As in all projects you plan it out first. Austin and Joe sketch out a concept on the good old yellow pads.
Then we make a full size drawing with correct dimension widths and correct wood types.
We first plane the boards to a rough thickness of 1/2 to 3/8 depending on the fin. We use a Grizzly 12 inch table top planer. Then we table saw the pieces to the correct widths. This is when you make your color choices and select the pieces of wood that work well together.
Next we lay the pieces out on a fin jig we made to clap them down. Each piece gets gorilla glue run down both edges then placed on the jig on a piece of waxed paper. Each part is lined up according to the plan.
Those designs are a true ‘‘blast from the past.’’ In the San Diego area, in 1961, Gordon & Smith went hog wild with multi piece fins. Grems would replace a perfectly good fin, in order to jump from a 75 piece fin, to a 110 piece fin. Inflation at its best/worst. Looks good.
Then we use a wax paper cut out of the fin full size. This lets us know if we have to adjust the pieces of board to fit the fin’s angles. You can see where Joe adjusted the wood down to fit the front of the fin’s point. We leave the wax paper template on top or put another piece of wax paper on top so when the gorilla glue expands out it won’t stick to the clamps.
Here we put down one of the two pipe clamps we will use to pull the pieces together. You can see a piece of wood across the center that we screw down to keep the fin pieces from bowing outward.
Fin with all the clamps.
A detail of the wedges we use to push the checkered pieces together.
The fin after the clamps are removed and we have rough cut it with a bandsaw. We will send it through the planer to bring it to final thickness around 3/8. This will also remove all the extra gorilla glue. I will get some more pictures of Austin foiling the fin and then glassing it later. Hope you enjoy it so far.
Troy
Forgot to add that this fin is made with Ebony, Bass, and Walnut.
awesome and right one time. last week my new boss ask me to make one of those.
thanks
uzzi
Another epic thread – bookmarked and many thanks, TSaunders! Looking forward to the foiling shots.
very timely ,
thanks for this TSaunders !
[as i was just talking to josh about D fins yesterday … ]
cheers
ben
this is an excellent thread - sometimes I think we need a “how to” section of Swaylocks just to put these gems all in one place.
More?
Totally aggree! Threads like this deserve special attention so we don’t lose them in the noise.

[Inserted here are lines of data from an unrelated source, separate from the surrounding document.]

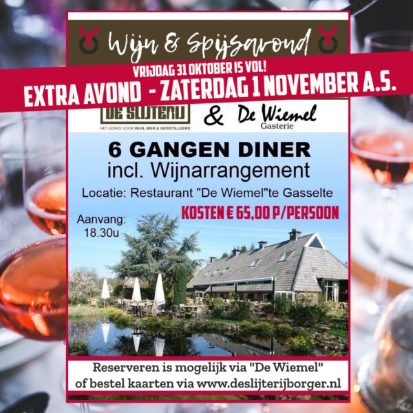 Wijn & Spijsavond Zaterdag 1 november a.s.
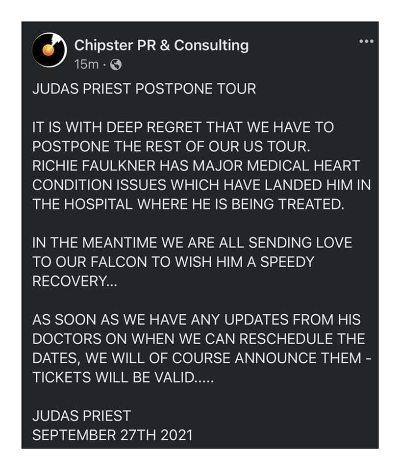 Devastating news as Judas Priest shredder Richie Faulkner has a major medical condition (heart) that has landed him in the hospital for treatment. Thus the Judas Priest tour is postponed until a later date. News was proken by the Judas Priest PR team. The Priest were finally celebrating their 50th anniversary this year with the The 50 Heavy Metal Years Tour, with Sabaton as openers.Get well soon Richie!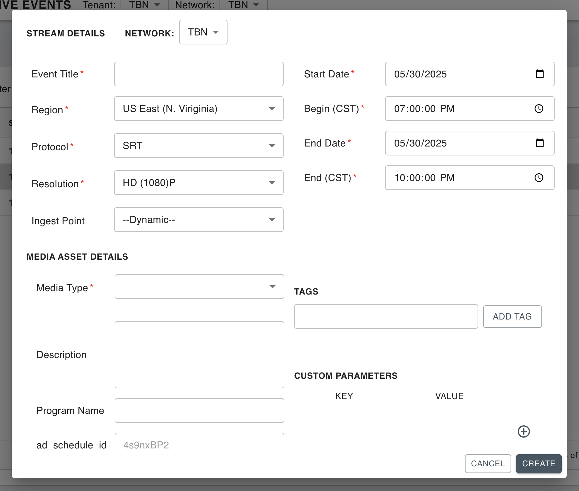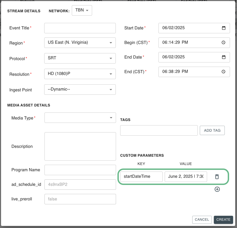 In the Media Asset Details section or when editing an existing event, navigate to the Custom Parameters.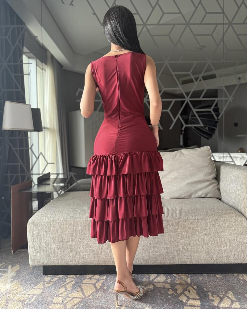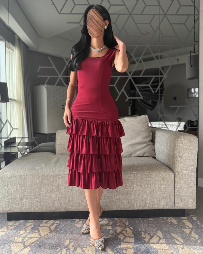 Burgundy dress The dress features a square neckline that highlights the beauty of the shoulders and neck. The lower part consists of multiple layers of ruffles, which gives the dress volume and movement. It is made of soft and flexible (Lycra fabric)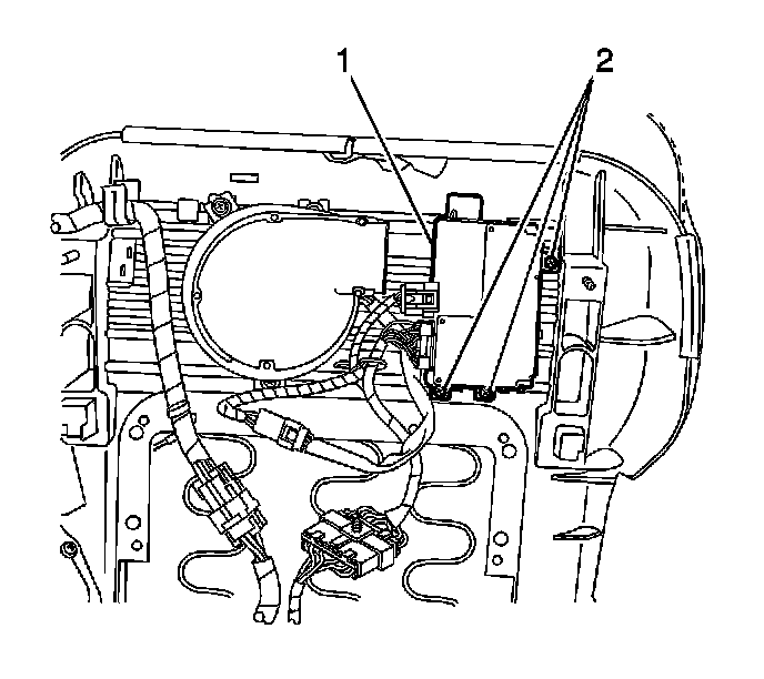 2. Install the fasteners (2) that retain the climate control seat module (1) to the passenger storage tray.

Your sig says “moderator”, perhaps you can make it happen???
Keith,
Agreed as well. A how-to section would be awesome, I’m working on something now that once I have wired I’ll how-to it…
Any chance that how-to threads could have larger pics added to them, for detail? Or another file format, like .pdf?
JSS
Foiling Clamp and start of the foiling. I don’t have a picture of the after but we foil it using a 7" grinder with a 36 grit disc and follow that with a sander with a hard pad and 100 grit. Final sanding is with 220 grit. We leave a flat 1/16th inch around the fin for the bead of resin.
After foiling we coat the edge with super styrened lam resin three times to prevent crystalization during the beading process. I thought I also would show you the matching tail block for the D-fin.
This shot is hard to see but you can tell how we are starting to build up the bead. We have found that this makes the bead clearer by building it up a little before you glass it with just lamination resin. Next we resand the whole piece all the way back down to the wood with just leaving the resin bead. If you skip this part the resin you basted on the wood would be darker when you go to glass it.
This is a shot after we have finished foiling the bead and then clear coating the whole fin with lamination resin to stop crystalization. We coat the fin with three layers of super styrened lamination resin. It is now ready to lay the glass layers. I haven’t taken those photos yet.